そういうわけで、創世記第一章の記述が、自然科学の上からも間違いがないと強弁して、一日は一日であると証明しようと躍起になったり、一日は千年でも万年でもあり得ると言い逃れを考案したり、一節と二節との間に大きなギャップがあり、アンモナイトも恐竜もみなその中に入っていると、困難な解釈を試みたりすることが、すでに合理主義の土俵に立っているで、私たちのするべきことではない。神は、人間が、文字通り七日間で天地創造が行われたと信じたとしても、それでかまわないとお考えになったのである。そのようなことは、神の救いのご計画にまったく関係のない事だからである。神は、贖いと救いの神学においてさえ、誤って理解している人間、あるいはまったく理解していない人間をも許し、また赦して、救いに入れてくださるために、キリストの贖いを通しての救いを、賜物として準備してくださったのであるから、創造が七日間で行われたと信じていようが、人類の歴史は6千年ほどだと信じていようが、間違いなく救ってくださるのである。

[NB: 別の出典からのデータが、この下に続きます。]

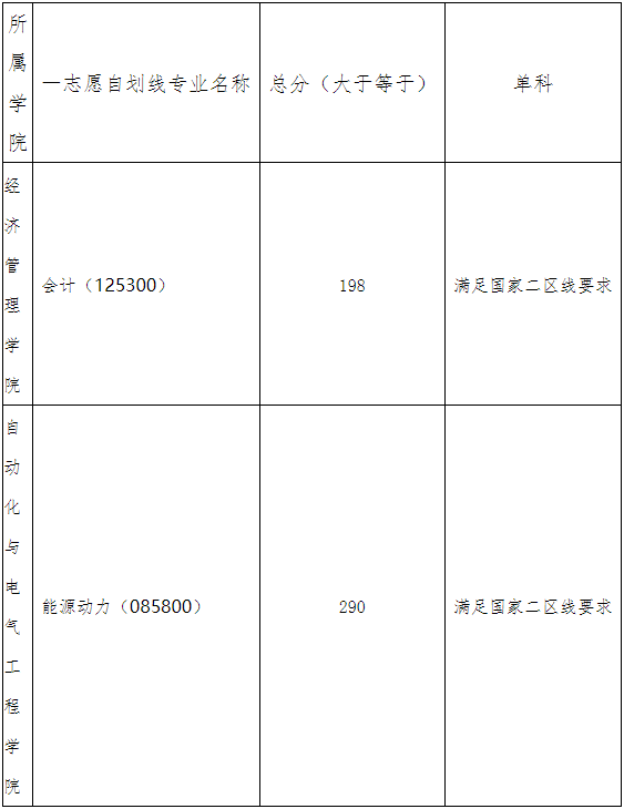 1. 一志愿報考我校并達到國家二區(B類考生)分數線的考生(自劃線的專業必須滿足我校公布的自定分數線);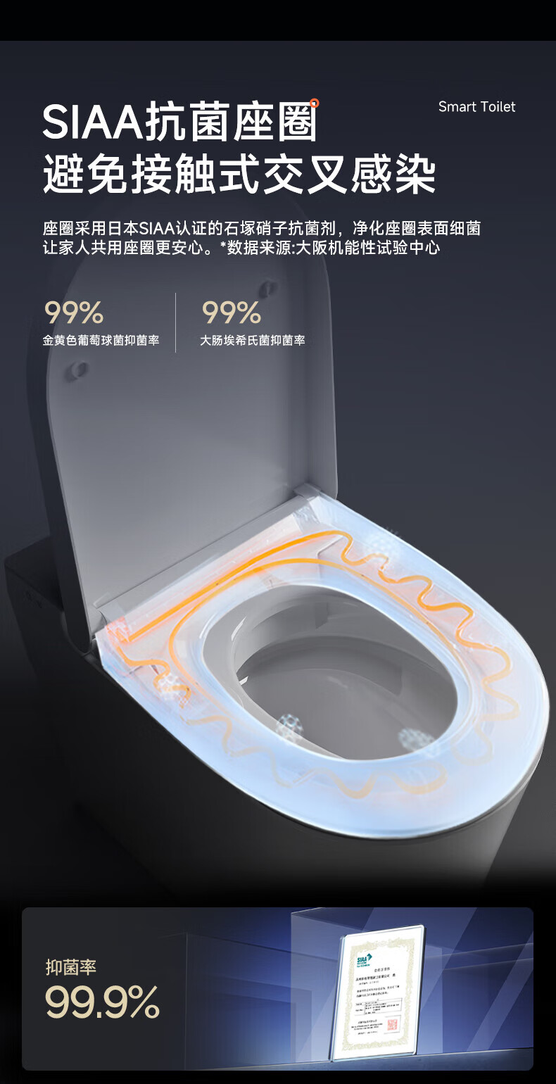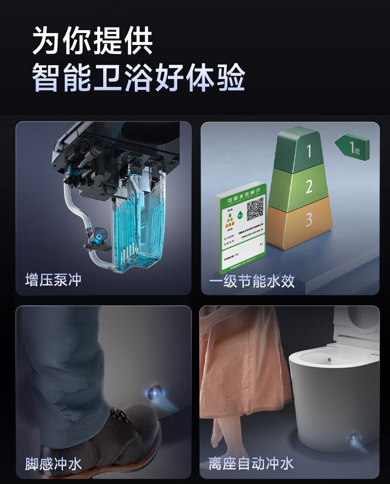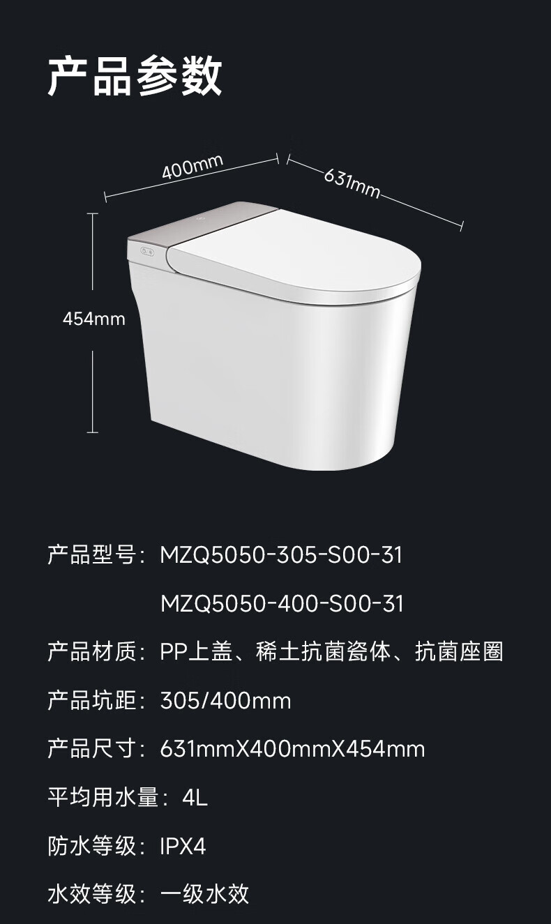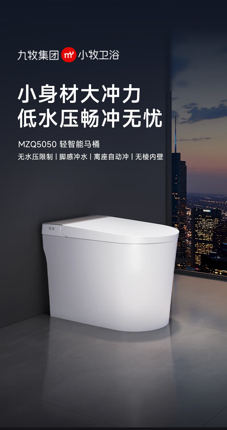 小牧卫浴轻智能马桶 畅冲无忧 轻音 虹吸式坐便器 离座自动冲+无棱内壁+无水压限制 | S3e-50 400mm 【390以上选择】

 創世記第一章は、神が天地を創造なさった神であることを明確にし、創造された万物は、神によって秩序正しく存在するようになったことを教え、人間が神に似せて造られた事実を、最も端的明快にしかも感動的に語り、人類贖いの歴史の発端を伝えるものである。自然科学の教科書ではない。同様に、マタイの福音書が、歴史としては時間が不正確であるいう論議も、それが、マタイ流の歴史編纂の仕方であって、現代の私たちが馴染んでいる歴史編纂の仕方とは、異なっているだけのことである。

 

 C.聖書の完全性
 


 聖書は完全な書物である。そこに付け加えられたり、取り除かれたりしてはならない。どのように素晴らしい啓示があり、感動的な預言があったとしても、聖書に加えてはならない。また、聖書と同じ重要性を与えてはならない。これは、現代の預言運動の指導者たちも、異口同音に言う事である。とはいえ、個々の人間が継続的にあるいは頻繁に、預言などによって導きが与えられ、指示が与えられると、聖書よりも、そのような導きや指示に心を奪われ、それらに従って行く事のほうが多くなる。そうすると、実際上、それらが聖書と同等に取り扱われ、また、聖書より重要視されて行ってしまうのである。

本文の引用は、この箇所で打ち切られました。